Direct callstack descent to execute managed code Dispatch loop

Thread::intermediateThreadProc 
  ThreadpoolMgr::WorkerThreadStart
    100%   ManagedPerAppDomainTPCount::DispatchWorkItem  •  50,156 ms  •  coreclr.dll!ManagedPerAppDomainTPCount::DispatchWorkItem
      99.8%   ManagedThreadBase_DispatchOuter  •  50,060 ms  •  coreclr.dll!ManagedThreadBase_DispatchOuter
        99.7%   ManagedThreadBase_DispatchMiddle  •  49,993 ms  •  coreclr.dll!ManagedThreadBase_DispatchMiddle
          99.5%   QueueUserWorkItemManagedCallback  •  49,883 ms  •  coreclr.dll!QueueUserWorkItemManagedCallback
            98.3%   MethodDescCallSite::CallTargetWorker  •  49,312 ms  •  coreclr.dll!MethodDescCallSite::CallTargetWorker
              97.9%   CallDescrWorkerInternal  •  49,088 ms  •  coreclr.dll!CallDescrWorkerInternal
              ► 97.6%   Dispatch  •  48,968 ms  •  System.Threading.ThreadPoolWorkQueue.Dispatch()

Direct callstack descent to execute IO Callback managed code

Thread::intermediateThreadProc 
  ThreadpoolMgr::WorkerThreadStart
    ThreadpoolMgr::CompletionPortThreadStart 
      100%   BindIoCompletionCallbackStub  •  853 ms  •  coreclr.dll!BindIoCompletionCallbackStub
        99.8%   BindIoCompletionCallbackStubEx  •  851 ms  •  coreclr.dll!BindIoCompletionCallbackStubEx
          99.3%   ManagedThreadBase_FullTransitionWithAD  •  847 ms  •  coreclr.dll!ManagedThreadBase_FullTransitionWithAD
            99.0%   ManagedThreadBase_DispatchOuter  •  845 ms  •  coreclr.dll!ManagedThreadBase_DispatchOuter
              98.7%   ManagedThreadBase_DispatchMiddle  •  842 ms  •  coreclr.dll!ManagedThreadBase_DispatchMiddle
                98.3%   BindIoCompletionCallBack_Worker  •  838 ms  •  coreclr.dll!BindIoCompletionCallBack_Worker
                  97.3%   DispatchCallSimple  •  830 ms  •  coreclr.dll!DispatchCallSimple
                    97.2%   CallDescrWorkerInternal  •  829 ms  •  coreclr.dll!CallDescrWorkerInternal
                    ► 96.9%   PerformIOCompletionCallback  •  826 ms  •  System.Threading._IOCompletionCallback.PerformIOCompletionCallback(UInt32, UInt32, NativeOverlapped*)
kouvel commented 5 years ago

All these workitems should be independent on the workitem to take the managed thread pool rewrite in C#.

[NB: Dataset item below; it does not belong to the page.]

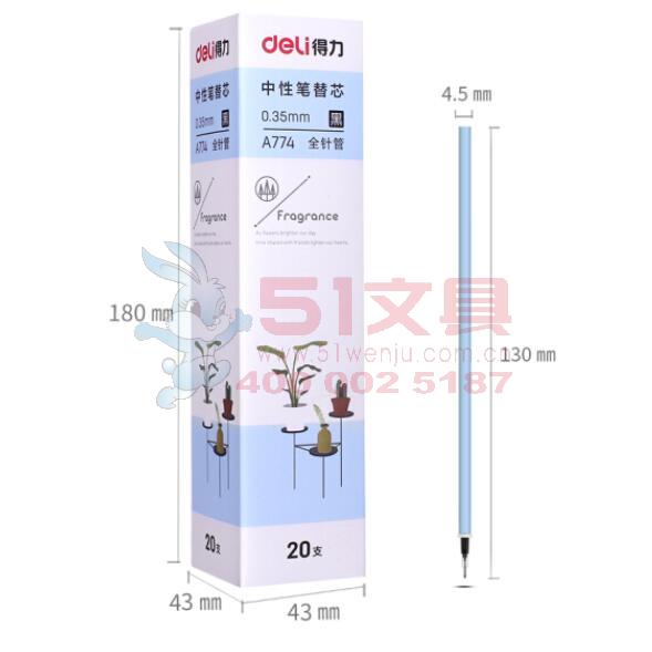 商品名称:得力A774,0.35mm中性笔/签字笔学生全针管碳素水笔笔芯/黑色替芯(20支) 商品编号:11.03.09.0774 品牌:得力/deli 上架时间:2018-06-12 商品毛重:0克 价格单位:支 笔头类型:全针管 笔头粗细:0.35mm 包装含量:20/244/2880 如果您发现商品信息不准确,欢迎纠错;如果您发现有比51文具价格更低的,欢迎举报

True, in any case the managed implementation still be necessary as a fallback where the OS thread pool cannot be used or for other purposes.

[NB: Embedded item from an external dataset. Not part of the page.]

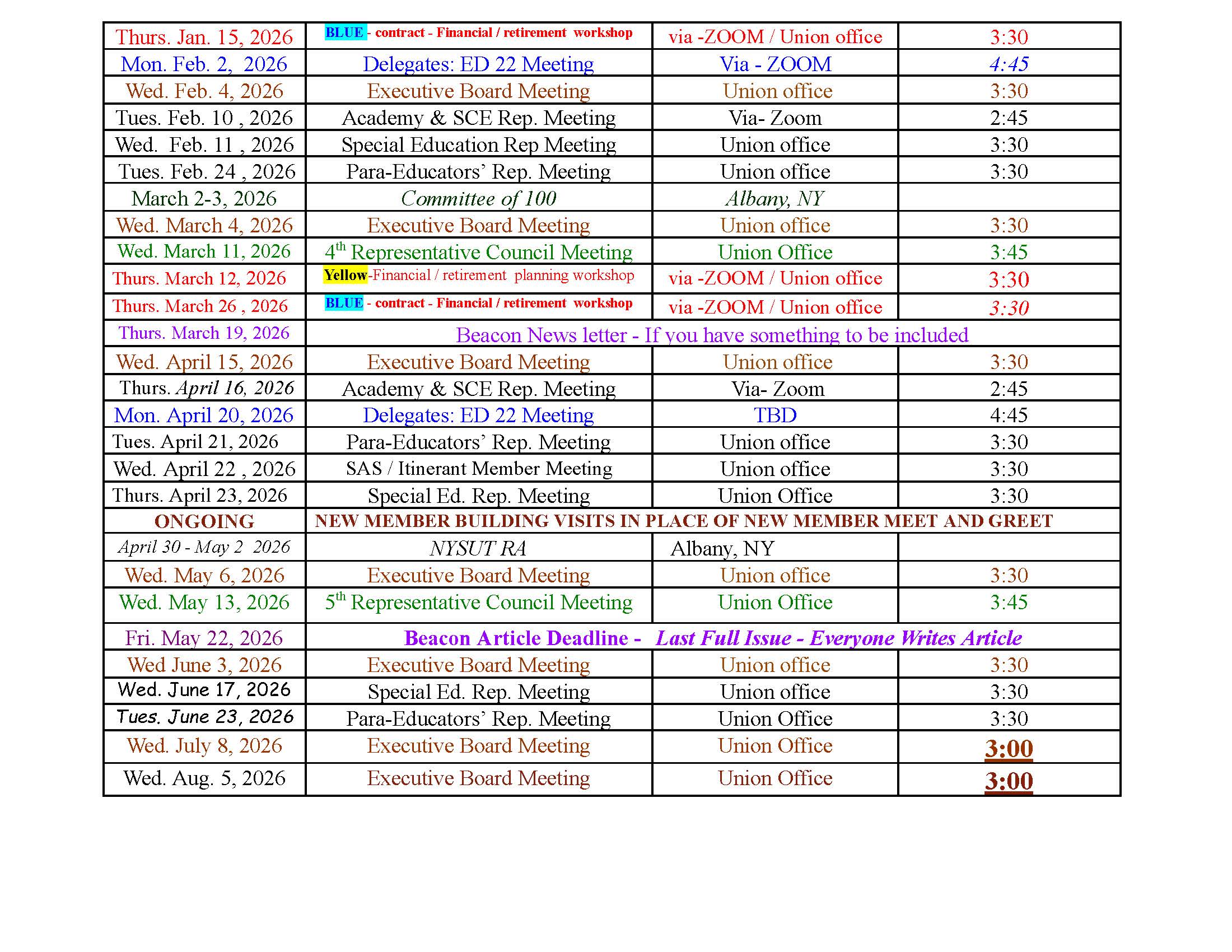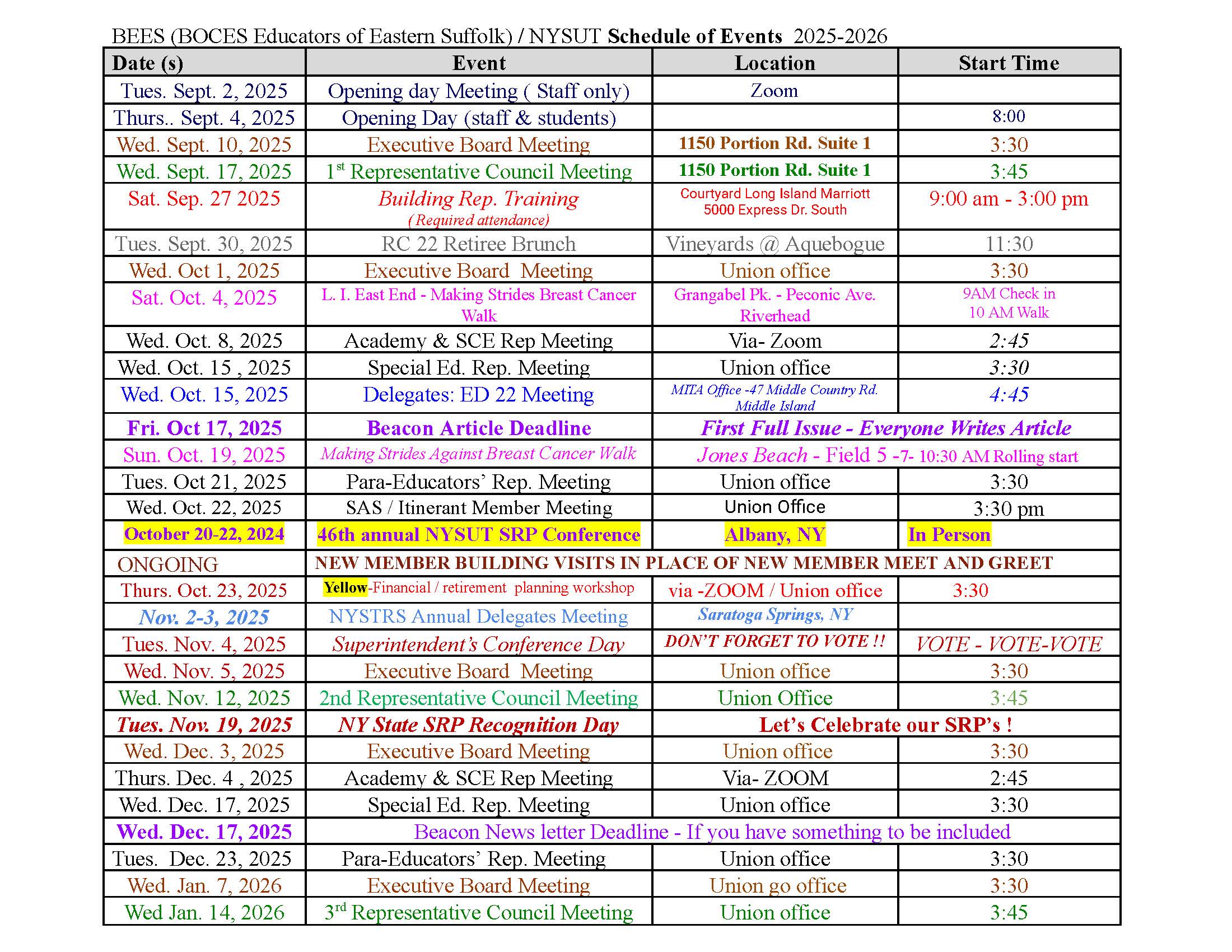 2025-2026 BEES Calendar

benaadams commented 5 years ago

From the current platform pipeline TE benchmarks

image

image

dotnet-policy-service[bot] commented 1 month ago

Due to lack of recent activity, this issue has been marked as a candidate for backlog cleanup. It will be closed if no further activity occurs within 14 more days. Any new comment (by anyone, not necessarily the author) will undo this process.

This process is part of our issue cleanup automation.

dotnet-policy-service[bot] commented 3 weeks ago

This issue will now be closed since it had been marked no-recent-activity but received no further activity in the past 14 days. It is still possible to reopen or comment on the issue, but please note that the issue will be locked if it remains inactive for another 30 days.